Some other telephone tips I’ve heard over the years include the following.
• Have a basket of toys that come out only during phone calls.
• Have a grab bag with little (dollar-store) items the kids can “grab” from.
• Have a special snack bag with treats the kids get to eat only when their caregiver is on the phone.
• Take a moment during a lengthy phone call to stop and praise the kids for good behaviour. “I really like the way the two of you are playing so nicely while I’m on the phone—keep up the great work!”
• Create a chart that the kids put a sticker on every time they successfully allow you to have an uninterrupted phone call, which eventually results in a reward.
Our Hidden Baggage
When it comes to parenting, we carry a lot of baggage with us. This pack of information is made up of techniques and strategies that were used on us in our youth, whether they worked or not, whether we liked them or not. In other words, if a teacher made us stand in a corner with gum stuck to the end of our nose, the idea of humiliation will be something we carry. If we really didn’t like how this strategy felt, we might believe we would never use it and not even know we are carrying it at all.
Interestingly though, it is there and sometimes will resurface in ways we never imagined. For example, you might warn your child not to choose grape drink to bring in the car because if it spills (again) it will make a mess of his clothes. It spills and now there is a purple stain down the front of his yellow shirt and beige pants. Frustrated that he didn’t listen to your wisdom, you make a big deal out of how awful it looks, telling him he should be embarrassed of his stained clothes. You then take him along to all the stops you had initially planned making jokes with other adults about his purple shirt. Sound a bit like humiliation?
The important piece to understand is that this idea, right or wrong, is in your parenting pack. The teacher might or might not have done it to be mean. You might or might not use it to be mean. The fact remains that, in both cases, humiliation was used to try to force a child to think about what he has done, recognize his error, and behave better the next time. It is something you know and therefore bring along with you.

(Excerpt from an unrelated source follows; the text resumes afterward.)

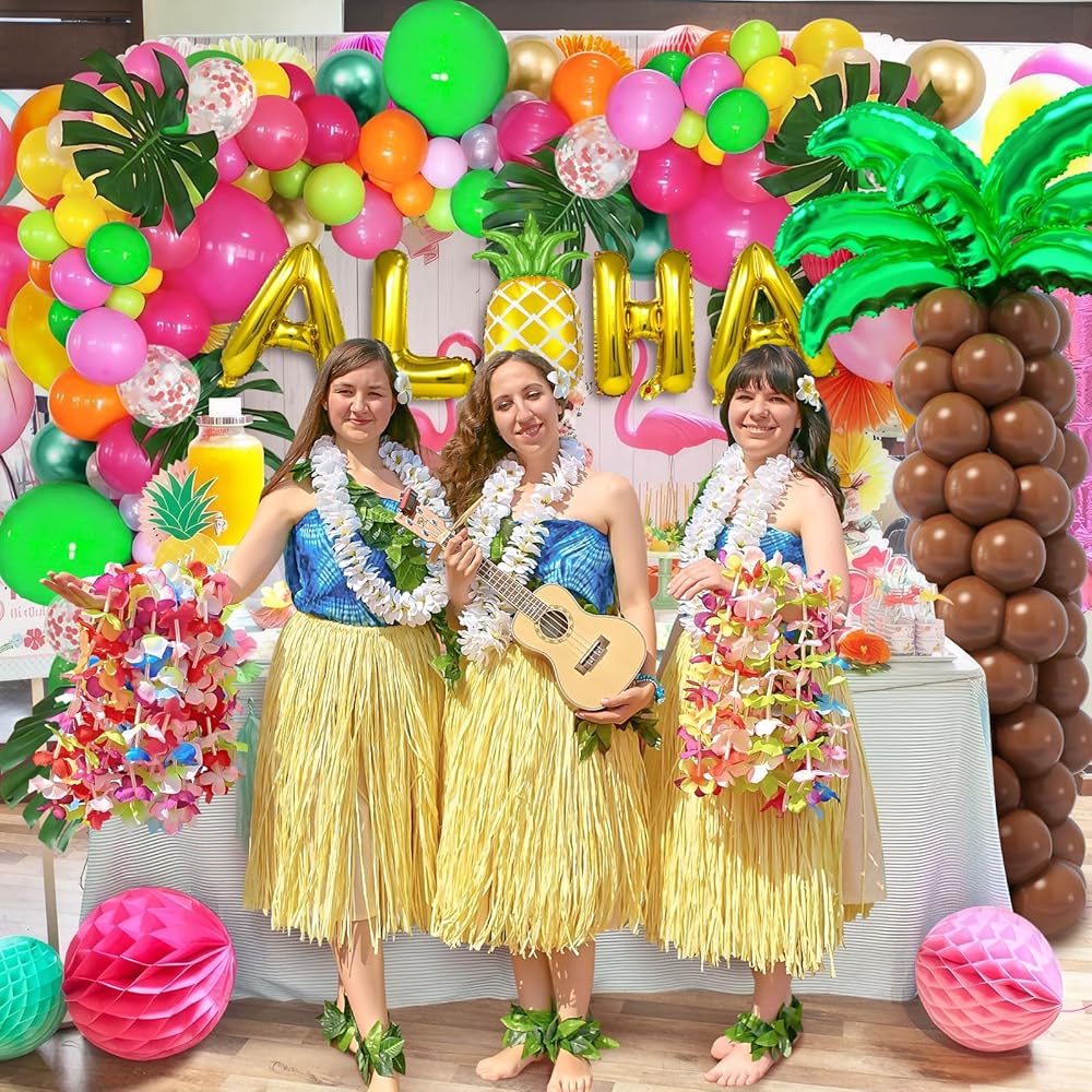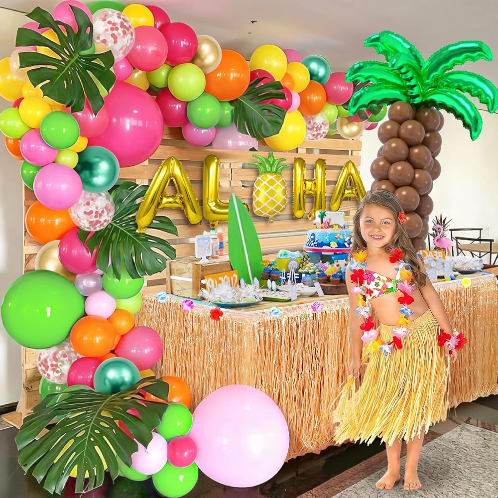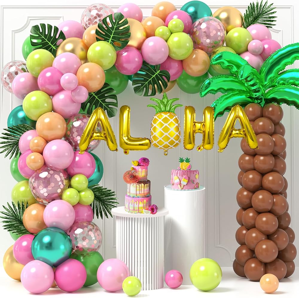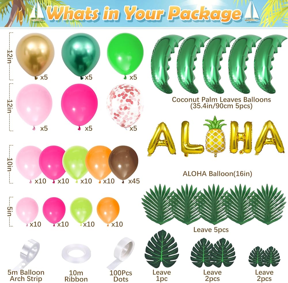 178 قطعة من بالونات لواو الاستوائية مجموعة إكليل قوس زينة حفلات هاواي مع بالونات ألوها الأناناس من رقائق جوز الهند وأوراق النخيل، لوازم تزيين حفلات أعياد الميلاد للأطفال في الصيف على الشاطئ

This explains why we will catch ourselves doing things that we swore we would never do. Or how we can open our mouth and hear our mother’s words come tumbling out. These actions can create a feeling of guilt and sense of failure if we aren’t aware that they are with us. Those strategies that were used on us often, or that were accompanied by intense emotion, will always be around.
When we need a parenting tool, we reach into our pack and pull one out. When we are stressed, angry, or otherwise bothered, we tend to reach for tactics that have an element of hurt or punishment to them—not because we are bad people, but because we are looking for a strategy that fits how we feel. When this happens, and the child doesn’t seem to care about the consequences, we will reach for something harsher.
The challenge becomes learning new ideas and practicing with them so we can replace some undesirable punishments with ideas that fit our parenting philosophy. Like any new plan, the tendency will be to go back to the familiar. If we resist that urge and make ourselves use our new skills, over time we will become more comfortable with new strategies and less likely to use the ineffective old one.
So, if you find yourself standing over your child, waving your finger, and telling her she is very, very bad, know that your mother (or teacher or coach) has not just teleported in and taken over your body. Instead, you have grabbed a tactic from your parenting pack that someone else has given to you. You still need to take responsibility for your actions, but at least this can help you understand your response and perhaps be a bit more forgiving.
FREE Parenting Tip: Our parenting pack is made up of strategies and tactics used by other people to get our attention when we were younger. We carry this pack wherever we go, so it’s a good idea to know what’s inside.